Reputation: 514
Purpose - Checking if a dataframe generated by spark and a manually created dataframe are the same.
Earlier implementation which worked -
if (da.except(ds).count() != 0 && ds.except(da).count != 0)
Boolean returned - true
Where da and ds are the generated dataframe and the created dataframe respectively.
Here I am running the program via the spark-shell.
Newer Implementation which doesn't work -
assert (da.except(ds).count() != 0 && ds.except(da).count != 0)
Boolean returned - false
Where da and ds are the generated dataframe and the created dataframe respectively.
Here I am using the assert method of scalatest instead, but the returned result is not returning as true.
Why try to use the new implementation when previous method worked? To have sbt use scalatest to always run the test file via sbt test
or while compiling.
The same code to compare spark dataframes when run via the spark-shell, gives the correct output but shows an error when run using scalatest in sbt.
The two programs are effectively the same but the results are different. What could be the problem?
Upvotes: 3
Views: 8927
Reputation: 514
I solved the issue by using this as a dependency https://github.com/MrPowers/spark-fast-tests .

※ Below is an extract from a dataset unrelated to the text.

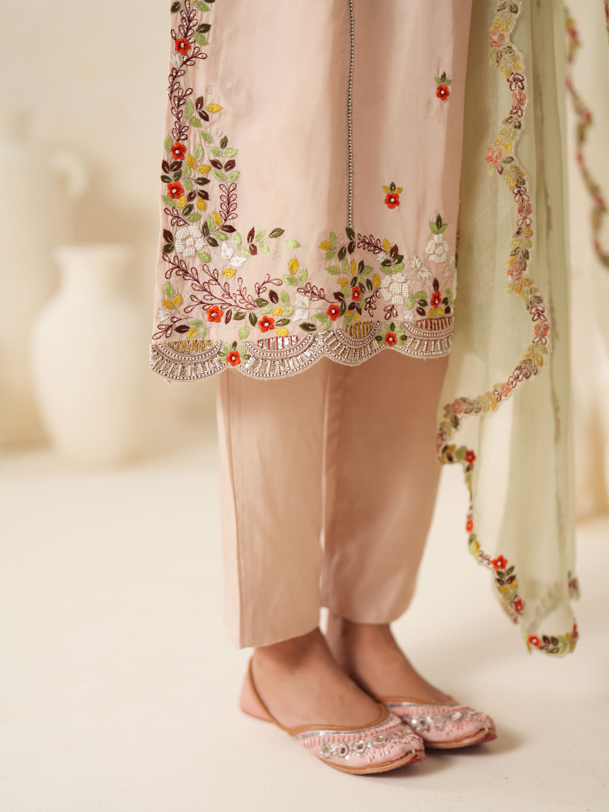 Our blush pink suit set is crafted from luxurious fabric, featuring intricate multicolor thread and handwork detailing. The mint green organza dupatta adds a touch of elegance to the overall look. This outfit is perfect for all kind of occasions and celebrations.

Another solution would be to iterate over the members of the dataframe individually and compare them.
Upvotes: 3
Reputation: 7207
Tests for compare dataframes exists in Spark Core, example: https://github.com/apache/spark/blob/master/sql/core/src/test/scala/org/apache/spark/sql/GeneratorFunctionSuite.scala
Libraries with tests shared code (SharedSQLContext, ect) present in central Maven repo, you can include them in project, and use "checkAnswer" methods for compare dataframes.
Upvotes: 3